The craftsman all-in-one cutting tool that I have actually works with 1/4” bits so the bit wasn’t the issue. It was just the fact of mounting it.

I did however bite the bullet and bought a new Skil 14 amp plunge and fixed base router combo so I can have it mounted better.
I can then keep my craftsman one for freehand needs.

I just need to figure out how to mount my new one (finding the right mounting plate is the problem now)


----------



## ScottyDBQ (Jul 5, 2008)

It might help to call Skil or one of the vendors of the various plates such as Rockler, Woodcraft, Wood Smith, Acme tools, Grizzly, Kreg, MLCS, etc to see if any of their plates are predrilled for your individual router. Or go to Amazon and do a search under "router plates for Skil routers". You may also want to get a blank 12 x 12 sheet of acrylic and use the plastic base that comes with the router as a template for drilling holes to mount your Skil router. If you use acrylic, you may want to get a sheet that is at least 3/8 inch – or even half-inch thick so it doesn't bow under the weight of the router.


----------



## johnjory (Sep 19, 2013)

Mounting a router without predrilled holes is really not a difficult task. This is just one approach.
Put one of the round inserts in the plate that has a hole that matches the diameter of a straight cutting router bit you have. This will likely be ¼,” but you could use any other size straight cutting bit that just fits in the hole of the plate you are trying to mount to.
Place the plate UPSIDE DOWN on your workbench with a couple of blocks underneath it to raise it above the benchtop.

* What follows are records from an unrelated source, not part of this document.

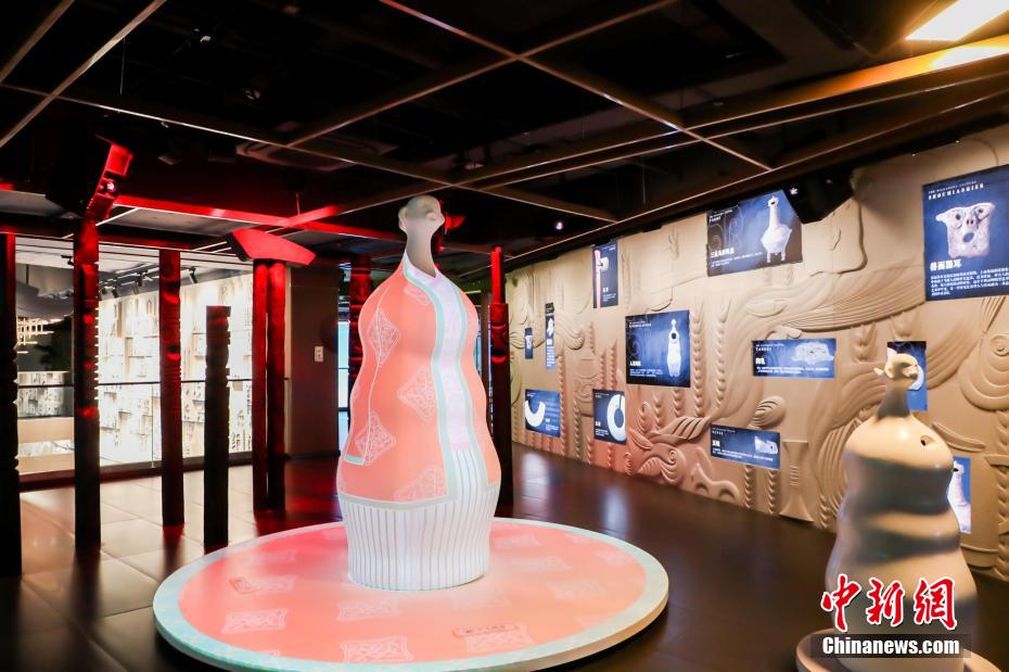 大运河数字诗路e站南湖体验中心的多媒体互动装置,以新石器时代遗址中出土的人首陶瓶造型为灵感,当游客靠近装置,人首陶瓶上会出现不同的传统服饰。
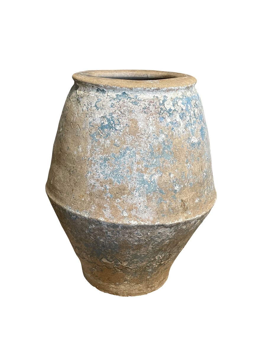 Home Vases 19thc Spanish Terra Cotta Olive Pot 19thc Spanish Terra Cotta Olive Pot 19thc Spanish terra cotta olive pot Unearthed from a very large family run olive oil producing business in southern spain Beautiful and natural aged patina Shades of pale blue One of many pieces from a large and unique collection Style Number: S5969 Condition: Excellent for age Origin: Spain Date: 19thc Height: 21" Diameter: 14" List: $2950 Inquire About This Piece View PDF Tear Sheet
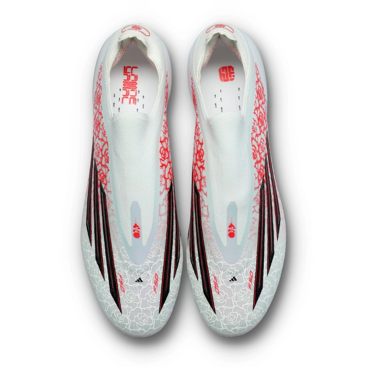 Scarpe da calcio adidas F50 Elite LL FG Lamine Yamal. Senza lacci, da utilizzare su campi in erba naturale asciutti o bagnati. Di alta gamma e disponibili nella colorazione White-Core-Black-Lucid red.
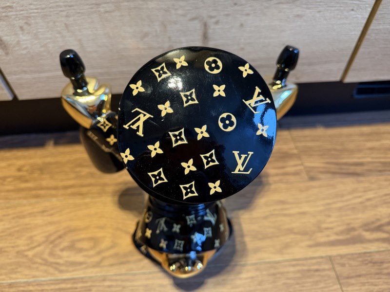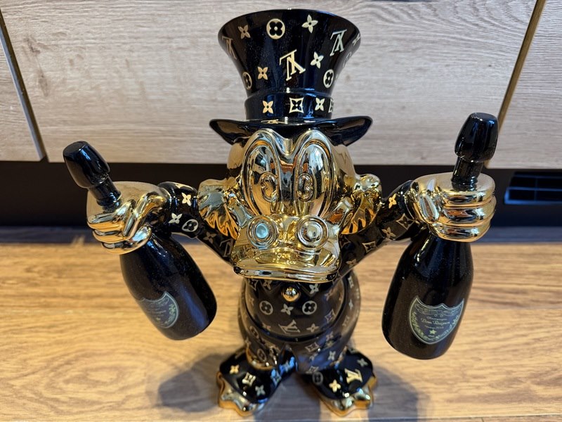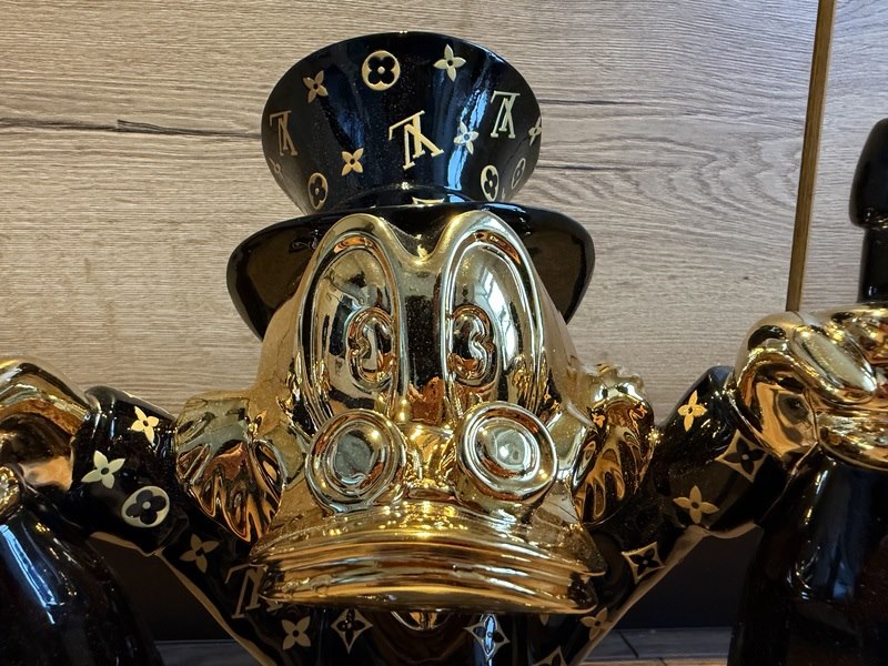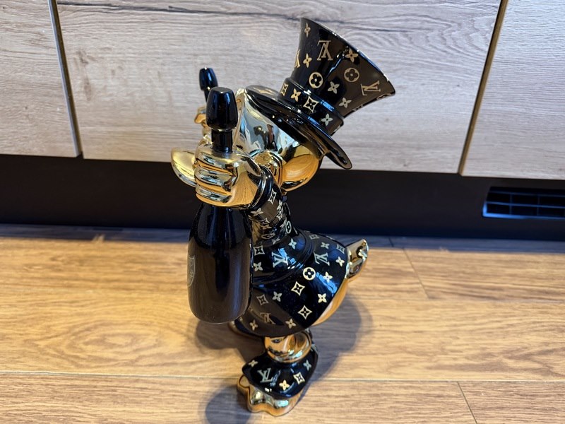 Merk: Lior24 Product: Dagobert Duck DOM PÉRIGNON Kleur: Zwart Materiaal: Resin Afmeting: 42x35 Conditie: Nieuw Specificaties: Dagobert Duck Beeld met Dom Pérignon flessen en een Louis Vuitton outfit.
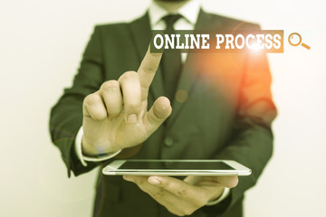 Handwriting text Online Process. Conceptual photo An automated way to enter and process data or reports Male human wear formal clothes present presentation use hi tech smartphone

With a ¼” bit mounted in the router place the router on plate so the bit extends through the snug hole. (Obviously, it must extend no more that the height of blocks raising the plate from the benchtop.)

Rotate the router the way you will want it to be once it is in the table, For example access to the plunge mechanism and where the on/off switch and the speed dial (if any) is located for easy access.

Mark where the holes need to be drilled by touching the plate through the router base’s pretapped holes with a scribe, awl or pencil. Drill the plate using a slightly oversized drill bit. (Say about 1/32” oversized.) This will give you some wiggle room because it is likely not to have the holes perfectly centered for the router.

Turn the plate over and countersink the holes you drilled so your flat head mounting screws will be flush or slightly lower that the plate surface.

Place the router on your bench with the bit pointing up and slide the plate right on top of the router and insert the mounting screws.

You are done.

There are other techniques that work just a well one using your home printer to print the bottom of your router. Another would involve using bushings that mount to the router’s bottom that act as edge guides.


----------